Le Canada, futur membre associé de l'UE ? Une manœuvre géopolitique risquée

Strasbourg, une proposition qui fait tourner les têtes
Devant les députés européens réunis à Strasbourg pour son discours sur l’état de l’Union, la présidente de la Commission européenne a dévoilé son projet : offrir au Canada un statut de premier membre associé de l’UE. Une première dans l’histoire de l’Union.
Le Premier ministre canadien Mark Carney a accueilli cette ambition avec un enthousiasme mesuré. Une telle proposition, pourtant, ne se fait pas en un claquement de doigts. Et pourtant, elle est sur la table.
Une manœuvre aux multiples facettes
Von der Leyen ne réagit pas dans le vide. Cette proposition arrive dans un contexte géopolitique tendu. Donald Trump, lors de sa seconde présidence, a multiplié les mesures protectionnistes. Une réponse européenne était attendue.

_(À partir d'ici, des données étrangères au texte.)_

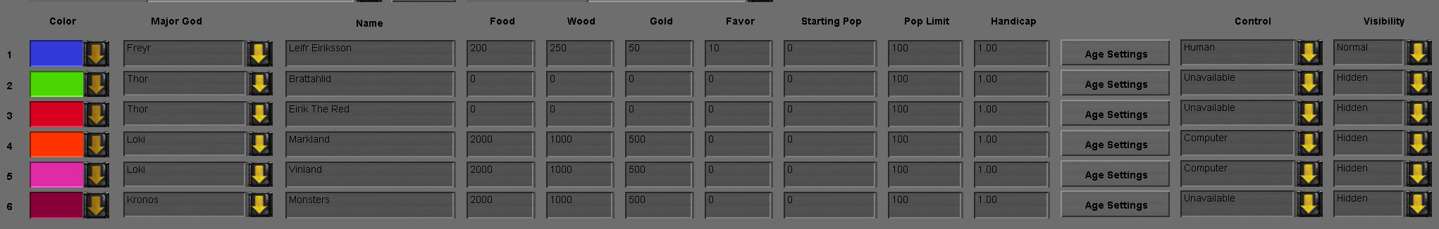 But as we can see, player 2 and 3 are both visible and that one can seemingly change their Major God and player Colors as they please. But in reality the Major God changes apply to players 4 and 5 (who have AI) and the player color changes apply to players 2 and 3.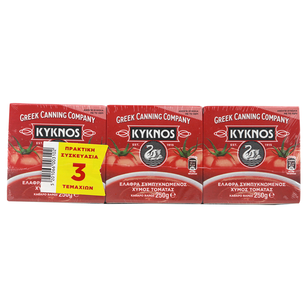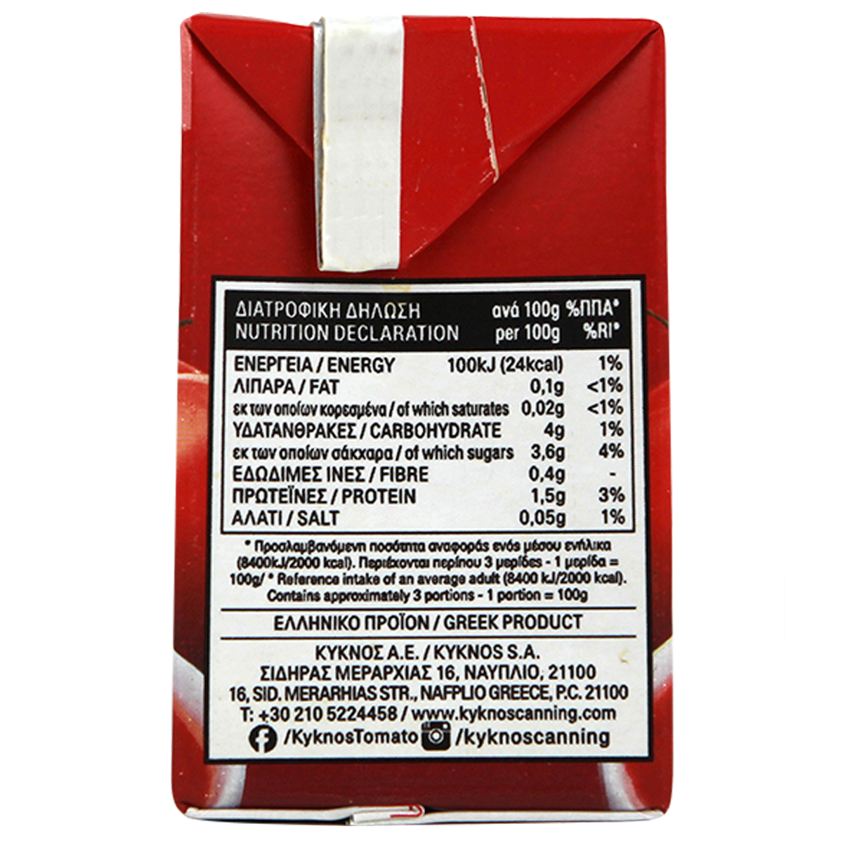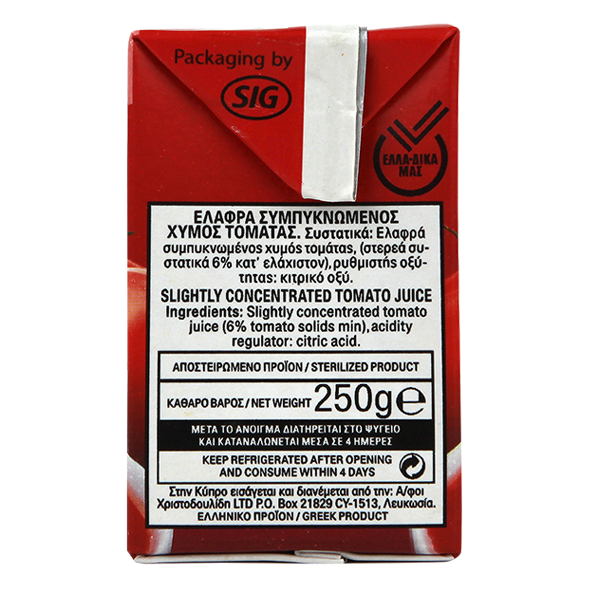 Οι πλούσιες σάλτσες τομάτας ποτέ δεν είχαν καλύτερο σύμμαχο στο φαγητός σας, με άρωμα και γεύση Ελληνικής Τομάτας. Μπορεί να χρησιμοποιηθεί σε όλα τα φαγητά με βάση την τομάτα. Έχει απαλή υφή, ιδανική για σπιτική σάλτσα ζυμαρικών/ πίτσας, μακαρονάδες, λαδερά, όσπρια και για όλα τα κοκκινιστά. Σε χάρτινη πρακτική πολυσυσκευασία 3x250g, με εύκολο άνοιγμα. Αποτελεί πήγη λυκοπενίου, χωρίς συντηρητικά, χωρίς γλουτένη και ιδανική για vegan.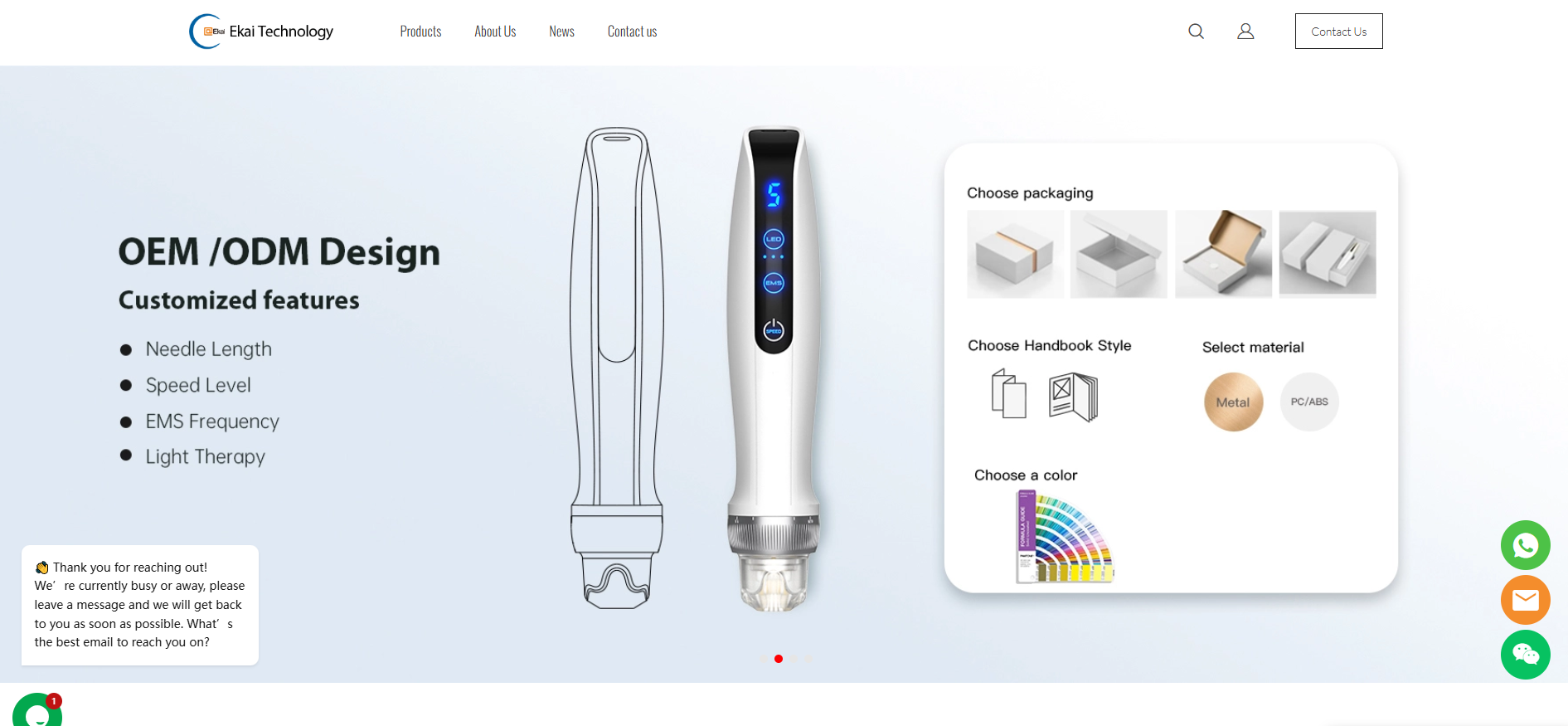 2. 核心关键词规划与页面布局 结合行业搜索数据,筛选出“Dr. Pen Manufacturer”、“ODM microneedle”等高价值 B2B 关键词,制定了主词与长尾词的组合策略。同步规划了官网首页、关于我们(About Us)页面,以及产品解决方案页面的内容布局,确保目标关键词与核心页面一一对应。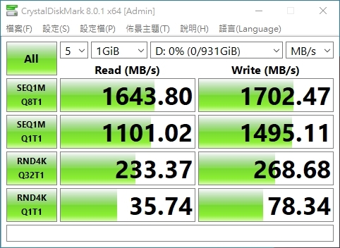 讀寫約在 1700MB/s 跟 1600MB/s 拿來傳送大檔案移動交換蠻快的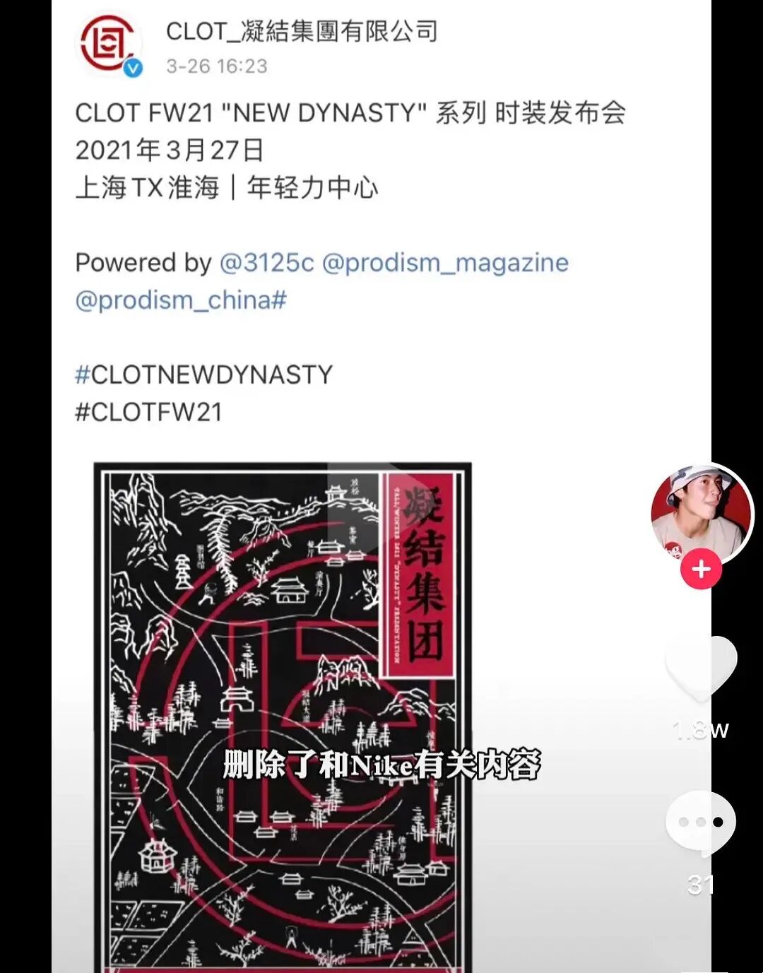 紧接着,CLOT的官博、微信公众号上,所有关于耐克的商标、宣传,全都被删除。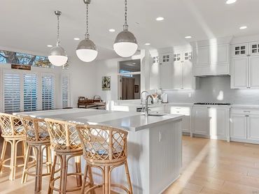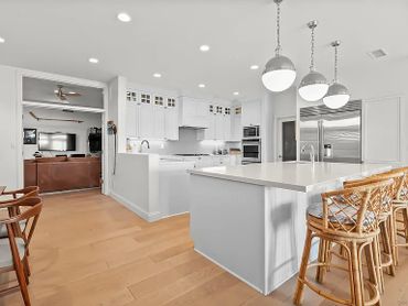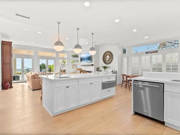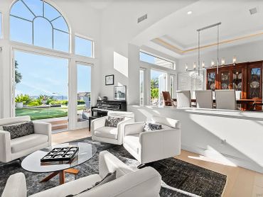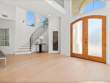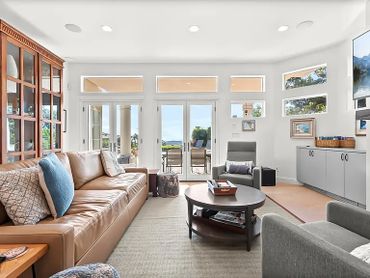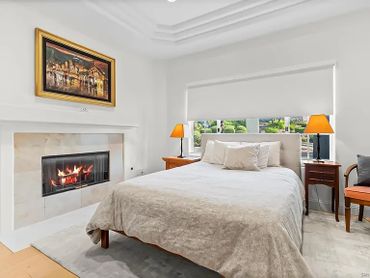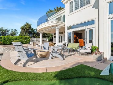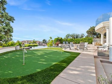 Stunning views from the lavish primary suite with built-in fireplace, huge walk-in closets, and a private balcony retreat. Outside is a complete tropical panoramic coastal view. The backyard is tailored for entertaining with mini golf green, outdoor fire pit, and infinity pool nestled under the master balcony. Easy access to Torrey Pines Golf Course.
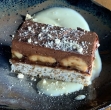 Izvrstna sladica za vse, ki se navdušujete nad kombinacijo banan in čokolade. Pod čokoladnim prelivom se skriva slastna skutina krema z bananami. Osnova pa je rahlo biskvitno testo s kakavom, ki ga lahko pripravite tudi z ajdovo moko.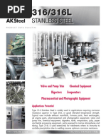 Allegheny Ludlum Type 316LN (UNS S31653) is a lowcarbon, nitrogen-enhanced version of Type 316 molybdenum-bearing austenitic stainless steel. It is also known as DIN/EN designation No. 1.4406. The Type 316 alloys are more resistant to general corrosion and pitting/crevice corrosion than the conventional chromium-nickel austenitic stainless steels such as Type 304. They also offer higher creep, stress-rupture and tensile strength at elevated temperature. Type 316 stainless steel can be susceptible to sensitization the formation of grain boundary chromium carbides at temperatures between approximately 900 and 1500 F (425 to 815 C) which can result in rapid corrosion. Reduced carbon Type 316L is resistant to sensitization; however, extended exposures in this temperature range will eventually result in sensitization of even the low carbon grade. The nitrogen in Type 316LN adds additional resistance to sensitization in some circumstances. The nitrogen content of Type 316LN stainless steel also provides some solid solution hardening, raising its minimum specified yield strength compared to Type 316L stainless steel. Like Types 316 and 316L, the Type 316LN alloy also offers excellent resistance to general corrosion and pitting/crevice corrosion.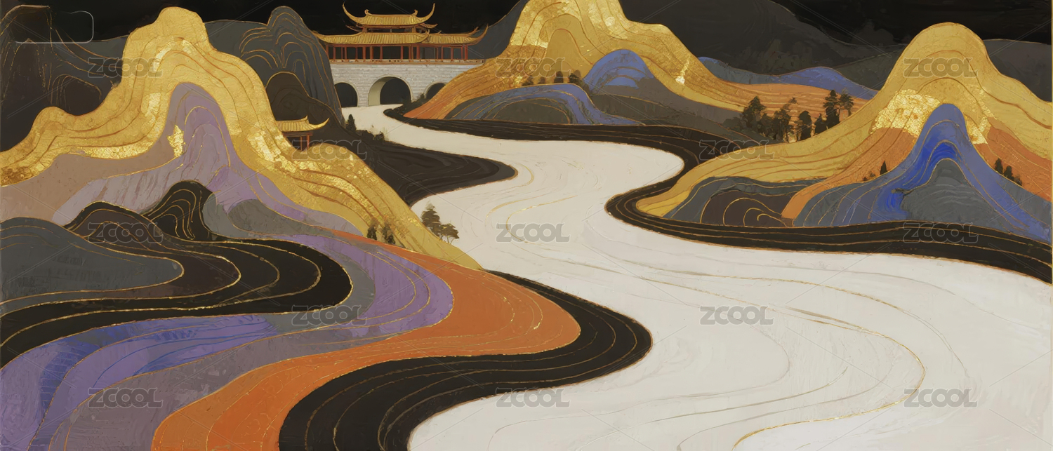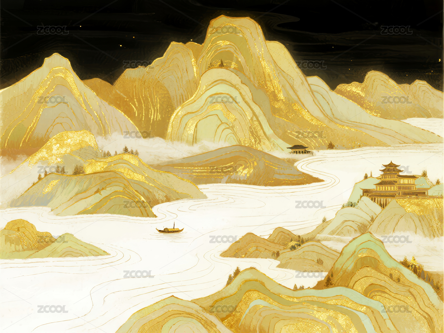 风景, 自然,金色, 艺术, 抽象, 色彩, 梦幻, 山峦, 河流, 岩石

Ajoutez à cela la crise du Groenland, où l’UE a réaffirmé sa solidarité avec le Danemark. Et voilà : cette proposition semble être une pièce maîtresse dans un jeu d’échecs complexe.
Depuis sa nomination à la tête de la Commission européenne en juillet 2019, Ursula von der Leyen n’a cessé de marquer son territoire. Sa rencontre avec Volodymyr Zelensky à Kiev en avril 2022 en témoigne. Cette fois, c’est le Canada qui est au cœur de sa stratégie.